Who Can Use Wood Fuel

When other fuels are obtainable and moderately priced, regular use of wood fuel is rarely feasible if it must be transported more than about 20 miles to the consumer by motortruck. To bring wood more than 20 miles in sufficient quantities for consumers in the larger cities could easily cause serious traffic congestion. Wood is bulky in proportion to its heating value and takes relatively more shipping space than other solid fuels. If, however, there are sawmills or woodworking plants within a radius of a few miles or accessible by barge lines, local use of wood waste from such plants tends to be more economical of the Nation’s transportation facilities than the use of coal. The people who are nearest the source of supply can render a service to the war effort, and perhaps also to themselves, by preparing to use more wood fuel during the emergency. Many who live in the smaller towns and on farms will find that fuel wood can be cut almost at their very doorsteps.

Users of wood fuels may be grouped mainly in three classes. First are the householders who can burn wood for heating and cooking, or in fireplaces for supplementary heat. Many schools, churches, and businesses such as processors of farm products fire their furnaces with wood, or could do so. In the third class are the larger plants, which are generating electricity; these plants usually have apparatus for automatic stoking of sawdust or other waste wood, sometimes in combination with pulverized coal. Ordinary household use, nevertheless, accounts for at last two-thirds of our present consumption of wood fuels. Householders have the best opportunities to substitute wood for other fuels in wartime; accordingly this bulletin is devoted mainly to wood fuel for domestic use.

Advantages in Use of Wood

Wood has certain advantages as a fuel, which many people nowadays have not considered. Wood is clean and free from disagreeable dust; it produces little smoke or soot when properly burned. A cord of hardwood leaves only 60 pounds of ashes, while a ton of hard coal will make 200 to 300 pounds. The wood ashes, moreover, have fertilizing value. Wood begins to burn at a comparatively low temperature, so that a wood fire is easy to start and can be maintained at a lower ebb than a coal fire, when only a small output of heat is needed. For cooking, a wood fire need not be kept burning so long as a coal fire and is less likely to overheat the kitchen in warm weather.
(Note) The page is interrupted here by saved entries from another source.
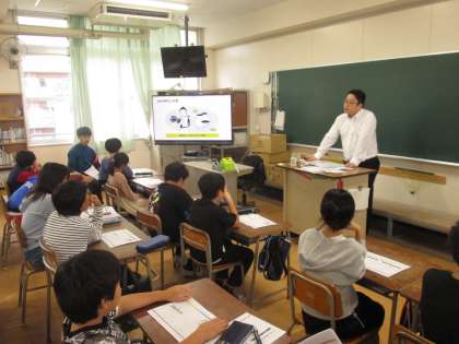 今年度の家庭科の教科書には、「生活を支える物やお金」という単元が新しく入り、小学校からお金について学習することになりました。そこで、三井住友銀行・十三支店、SMBCコンシューマーファイナンス株式会社から講師の先生をお招きして、5年生と6年生に「お金の学習」の特別授業をしていただきました。
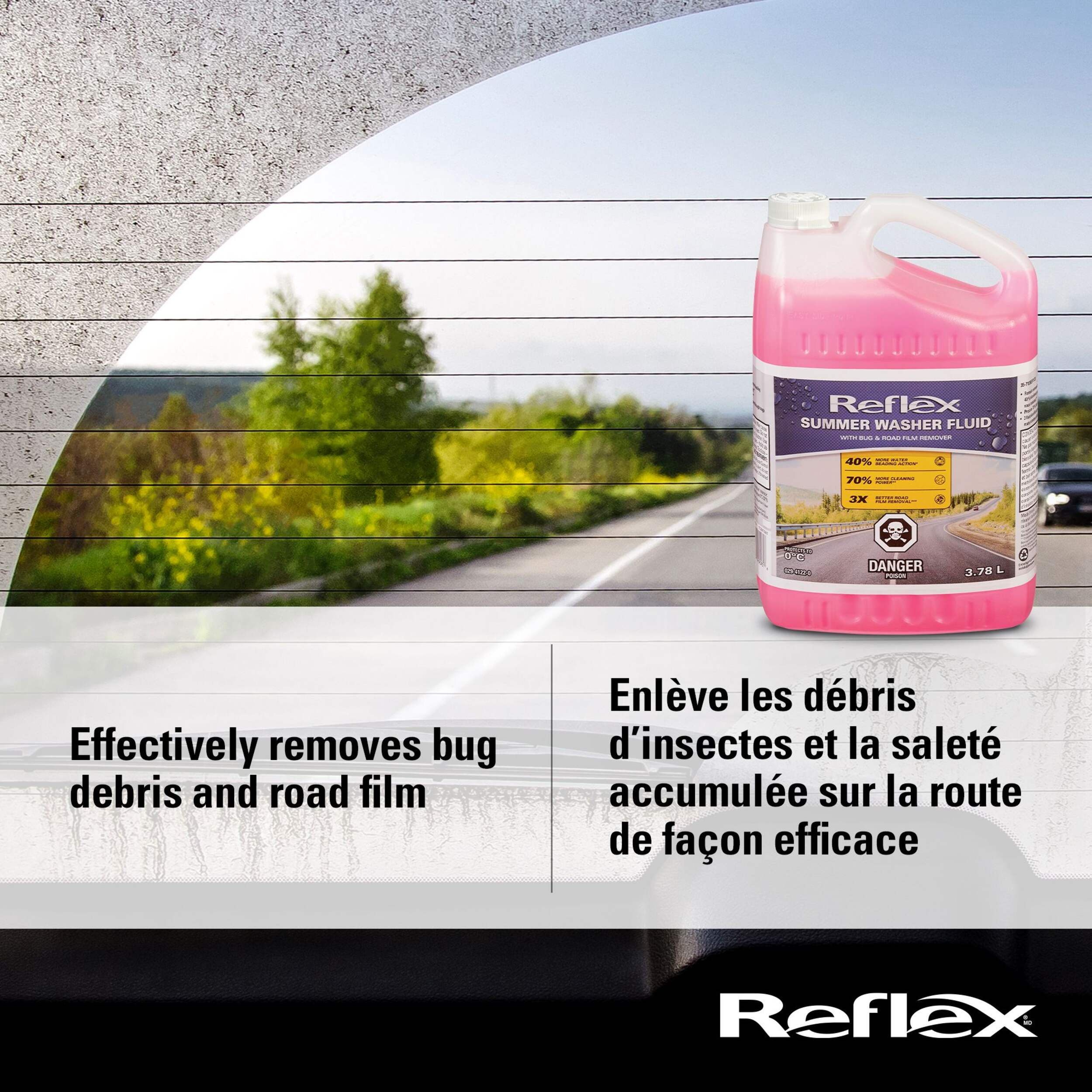 Reflex Summer Windshield Washer Fluid, formulated with advanced beading technology, offers enhanced cleaning power and more beading action for better removal of road film and bugs during summer driving. This 3.78-L fluid coats your windshield with an advanced water-repellent finish that causes water to bead up. Its form a water-repellent finish, improving the driving experience in rainy conditions too.
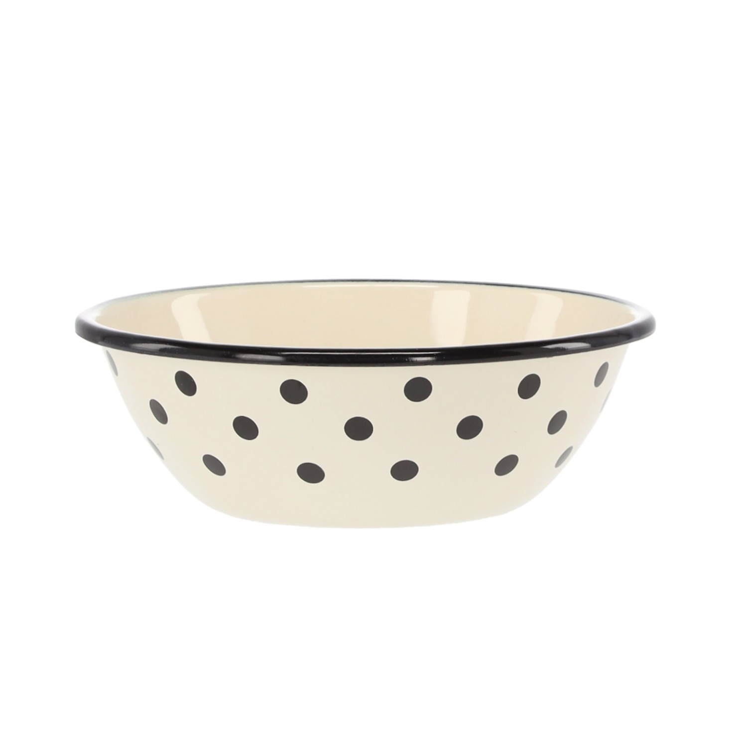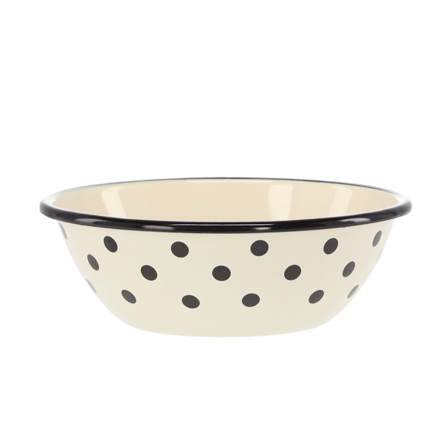Очаровательная эмалированная миска объемом 0,6 литра и диаметром 16,5 см кремового цвета с декоративным узором в горошек. Идеально подходит для подачи супов, салатов, фруктов или закусок. Эмалевое покрытие устойчиво к коррозии, легко моется и безопасно при контакте с пищевыми продуктами, а классический дизайн придает ему неподвластный времени шарм.

For churches, community halls, summer cottages, and other buildings where heat is requried only occasionally, wood is more satisfactory than coal for providing a large volume of heat quickly. There is considerable economy in using wood in stoves and hot-air furnaces during the more variable spring and fall weather, or when a fire is needed only to remove the chill of evening and early morning. Wood burned part of the time is cheaper than coal burned all the time. Finally, most people appreciate the pleasant aspect of a few logs glowing in a fireplace, which can have a practical value in warming a living room on mild days or in supplying extra heat in colder weather.

Heating Value of Wood

Wood that is well seasoned, or thoroughly air-dry, contains about 15-20 percent moisture by total weight. A pound of such wood, from most species of trees, has a little more than half the heat value of a pound of good coal. A cord of one of the heavier hardwoods weighs about 2 tons and has approximately the same heating value as a short ton of coal of high quality, or 200 gallons of domestic fuel oil (table 1).

Firewood

Stacked wood occupying 128 cubic feet of space makes up 1 cord, usually considered as a pile 4 by 4 by 8 feet. The content of solid wood in a cord varies considerably, depending on the length, size, and form of the individual sticks as well as the care exercised in fitting them together, but a fair advantage is 80 cubic feet of solid wood to the cord, which is used as the basis for table 1. In some parts of the country wood is sold in “stovewood,” “face,” or “running” cords, “runs,” or “ricks” composed of 12-, 16-, or 24-inch pieces in piles 4 feet high and 8 feet long. Three such piles of 16-inch wood actually contain somewhat more than one pile of 4-foot wood.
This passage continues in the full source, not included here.